An unprecedented surge in imports is hurting and causing harm to the domestic steel industry, said Sajjan Jindal, chairman and managing director, JSW Steel.
Jindal, while addressing its 21st annual general meeting (AGM), alleged that this harm is being caused because steel is being sold at a price significantly lower than the domestic home-country prices of exporters.
“While cheap imports may benefit user industries in the short-term, surely reliance on imported steel cannot be a sustainable business strategy,” he said.
The company’s net profit (profit after tax or PAT) has increased by 62.3% last year - from Rs 1,335 crore in 2013-14 to Rs 2,166 crore in 2014-15. However, its net consolidated debt also increased by 5 percent to Rs. 35, 808.11 crore in last year – making it one of the most heavily indebted companies in the segment across the globe.
According to Jindal, the outlook for the domestic steel industry remains robust and the prospect of capital investments are bright, subject to, however, the timely intervention by policy makers to remove the constraints faced by the industry.
“These include ease of doing business, land acquisition, environmental clearances, resource allocation, availability of finance at competitive rates and infrastructure bottlenecks, among others,” he said while addressing the AGM audience in Mumbai. “An important step in this direction is the Mines and Minerals Development and Regulation (MMDR) Amendment Act, 2015, recently passed by Parliament, which enables inter alia a transparent auction of iron ore mines.”
JSW Steel, which is the one of the country’s largest steelmaker, will ensure that it has the edge by improving its operating efficiencies through enhancing yields and reducing specific energy consumption, said Jindal.
The company, in last year, has shown a 4% growth in steel production.
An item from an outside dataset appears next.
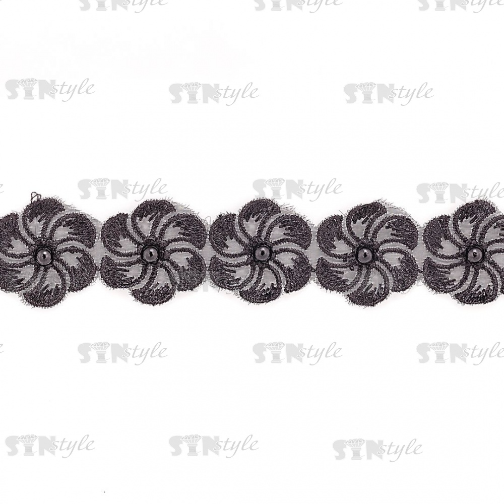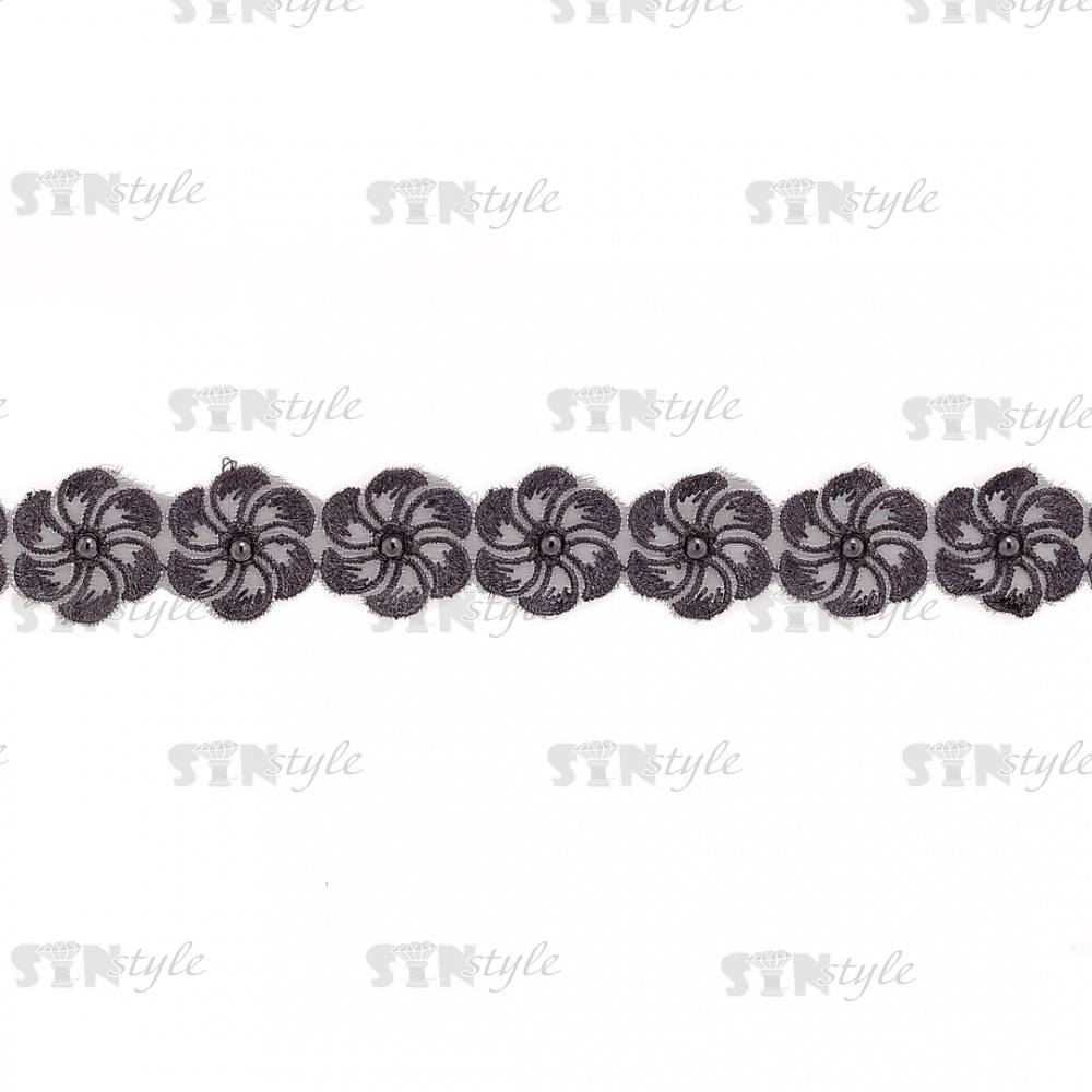 Кружево "Цветочки" на капроновой ленте, ширина 35 мм, цвет черный+белые бусины, намотка 20 ярдов

Moreover, its sales of value added and special steel products grew by 38% over the previous year and comprised 33% of total sales.
In 2013-14, the contribution of such special steel products was just 24% of total sales.
“Our investments in next generation downstream facilities enabled us to enrich our product portfolio and fully leverage the available opportunities in the automobile, consumer durables and construction sectors,” commented Jindal.